Ann Thorac Surg. 2012 Jul;94(1):247-54; discussion 254. doi: 10.1016/j.athoracsur.2012.02.092. Epub 2012 May 26.

Abstract

Background: There are few data on outcomes after surgical treatment for recurrent thymic tumors. The aim of this study is to analyze and compare long-term outcomes of treatments for recurrent thymic tumors.

Methods: Between January 1956 and December 2009, 344 thymic tumors were surgically resected (309 thymomas, 22 thymic carcinomas, 12 thymic carcinoids, and 1 thymolipoma). There were 48 recurrences (13.9%): 30 thymomas, 9 thymic carcinomas, and 9 thymic carcinoids. There were 27 men and 21 women with a median age of 51 years (range, 27 to 83). Retrospective chart review was performed. Relevant factors for recurrence as well as survival and progression-free interval were analyzed.

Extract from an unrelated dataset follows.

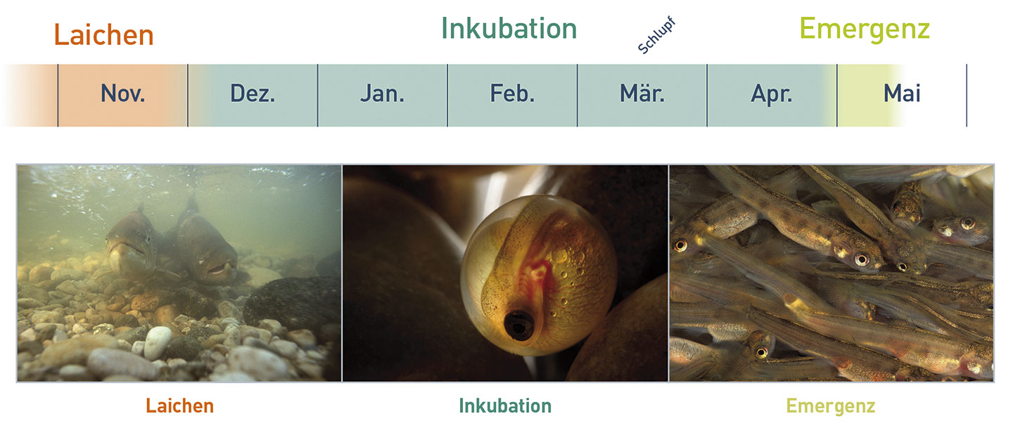 Schweizer Forellen laichen von Oktober bis Januar, in seltenen Fällen sogar im Februar, in Flüssen und Bächen. Dabei werden die Eier von den Weibchen in lockerem Kies auf dem Gewässergrund vergraben. Nach mehreren Monaten schlüpfen die Brütlinge im Frühjahr; die Entwicklungsdauer variiert dabei je nach Wassertemperatur. Das Kieslückensystem dient der frisch geschlüpften Forellenbrut in ihren ersten Lebenswochen als Kinderstube. Da sie grelles Licht meiden, dringen die Brütlinge nach dem Schlupf noch tiefer in den Kies ein. Erst kurz bevor sie ihren Dottersack aufgebraucht haben, steigen sie als sogenannte Larven aus dem Kiesbett auf (Emergenz), um mit der aktiven Nahrungsaufnahme zu beginnen.

Results: The median follow-up interval from the initial operation was 83 months (range, 9 to 515). Recurrence adversely affected overall survival in surgically resected thymic tumors (p = 0.0014). In multivariate analysis, the initial Masaoka stage, incomplete resection, and World Health Organization histology were significant risk factors for recurrence. In multivariate analysis, only surgical management was associated with prolonged survival p = 0.0038) and improved progression-free interval (p = 0.0378) in recurrent thymoma. Five-year survival after recurrent thymoma was 54%. For recurrent thymic carcinoma, surgery did not improve survival. For these patients, chemotherapy was associated with improved progression-free interval after recurrence (p = 0.0295). There were no 5-year survivors of recurrent thymic carcinoma.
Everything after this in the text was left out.